# Ex1.1 Categorizing Reviews with an FNN

In [None]:
import time
#Ignore the next statement -- it is just to estimate how long the exercise takes
start = time.perf_counter()

We shall use a neural network to categorize user reviews of articles in Wikipedia. The aim is to identify the reviews which contain personal attacks.

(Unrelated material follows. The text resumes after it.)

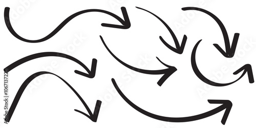 Set of black hand drawn arrow element vector. Collection of doodle arrows, lines, symbol, pointing mark, shapes on white background.

The dataset we will use includes over 100k labeled discussion comments from English Wikipedia. Each comment was labeled by multiple annotators via Crowdflower on whether it contains a personal attack.

In [None]:
import pandas as pd
import re
import urllib
import sklearn
import nltk
nltk.download('stopwords')
nltk.download('punkt')

## Loading the data
There are two files, one with the comments and another with annotations made by reviewers as to whether the comments contain personal attacks.

In [None]:
comments = pd.read_csv('attack_annotated_comments.tsv', sep = '\t', index_col = 0)
annotations = pd.read_csv('attack_annotations.tsv',  sep = '\t')

## Examining the data
First we look at the comments dataframe.

In [None]:
comments.columns

In [None]:
comments.head()

The first column is the review ID. Each user review of an article has a rev_id. The other column of interest is the comment column. It will need a bit of cleaning. The other columns are irrelevant to our purpose.

We now look at the annotations dataframe.

In [None]:
annotations.columns

In [None]:
annotations.head()

Each comment was given to multiple "workers" and the workers scored it for various types of attacks.  The results are in the second dataset. The rev_id is the link between the two datasets. A `1` means that worker considered the comment to be an attack. The last column, "attack" will be a `1` if any of the other columns for specific types of attack are `1`'s.

Let's find some records where the attack column has a 1.

In [None]:
annotations[annotations["attack"]==1.0]

 Consider, for example, a specific comment from the review ith rev_id = 89320.
 
 Several workers, the ones with worker_id 3341, 3338, 2101 and 673 thought it had some kind of personal attack.

In [None]:
comments.loc[89320]["comment"]

We can look at the results from all the workers who scored this comment.

In [None]:
annotations[annotations["rev_id"]==89320]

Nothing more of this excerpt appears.